What the task asks. Set down, word for word, only the lines from the start of the records through the line bearing "2. ใบหน้ารูปไข่ (Oval)"; include no pictures.

Records drawn from a dataset
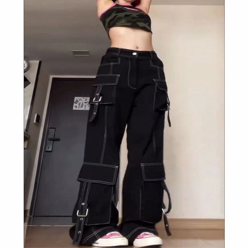 大码胖mm美式复古工装牛仔裤女2023年辣妹炸街高街多口袋阔腿裤潮
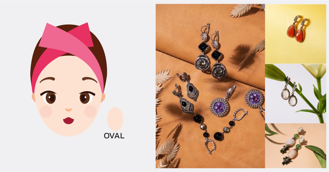 2. ใบหน้ารูปไข่ (Oval) : โชคดีสำหรับคุณ รูปแบบต่างหูส่วนใหญ่เข้ากันได้ดีกับใบหน้ารูปไข่ อย่างไรก็ตาม
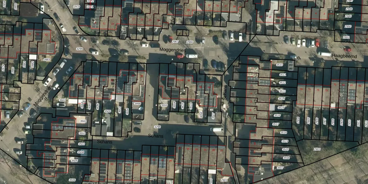 Moggendries 34-B is gelegen op kadastraal perceel TGR00C3615. Deze kadastrale aanduiding is uniek en wordt gebruikt door het Kadaster om eigendomsrechten en andere zakelijke rechten vast te leggen. Het perceel maakt onderdeel uit van de kadastrale gemeente Tongelre.
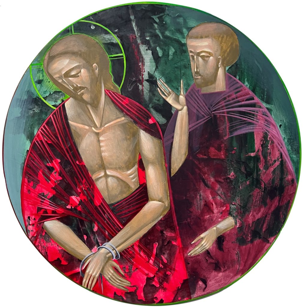 Following is a contemporary Ukrainian Orthodox icon of Christ and Pilate by Kateryna Shadrina.
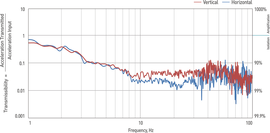 The advanced active vibration isolation algorithms allow the DVIA-U starts to isolate at 0.5 Hz, delivering ≥90% vibration isolation at ≥4 Hz.
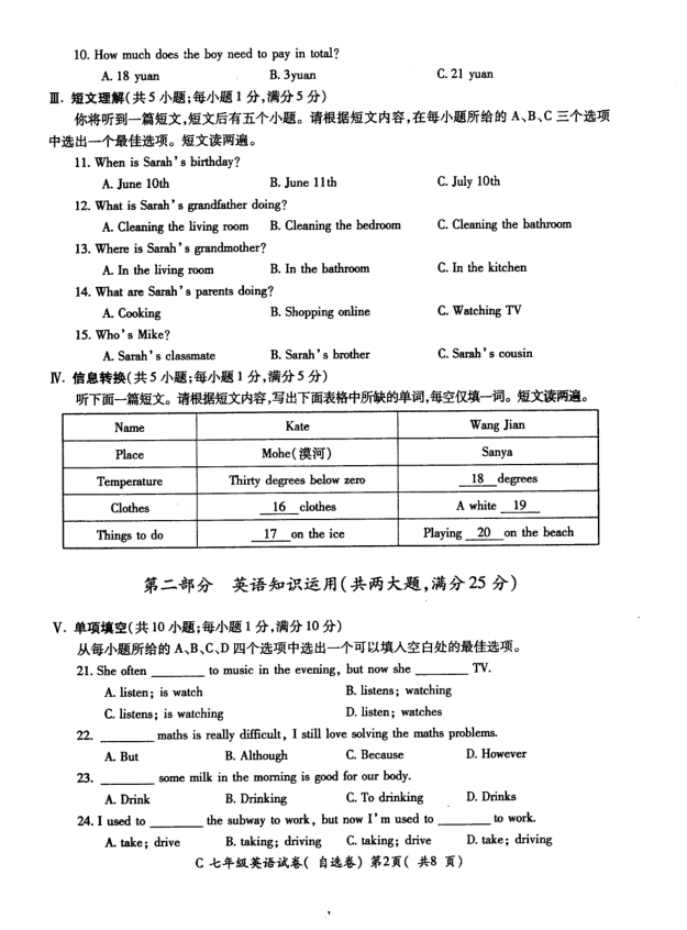 您現在的位置:中考 > 初中資源庫 > 期末試題 > 初一英語 > 正文

Response for this exercise.
 大码胖mm美式复古工装牛仔裤女2023年辣妹炸街高街多口袋阔腿裤潮
 2. ใบหน้ารูปไข่ (Oval) : โชคดีสำหรับคุณ รูปแบบต่างหูส่วนใหญ่เข้ากันได้ดีกับใบหน้ารูปไข่ อย่างไรก็ตาม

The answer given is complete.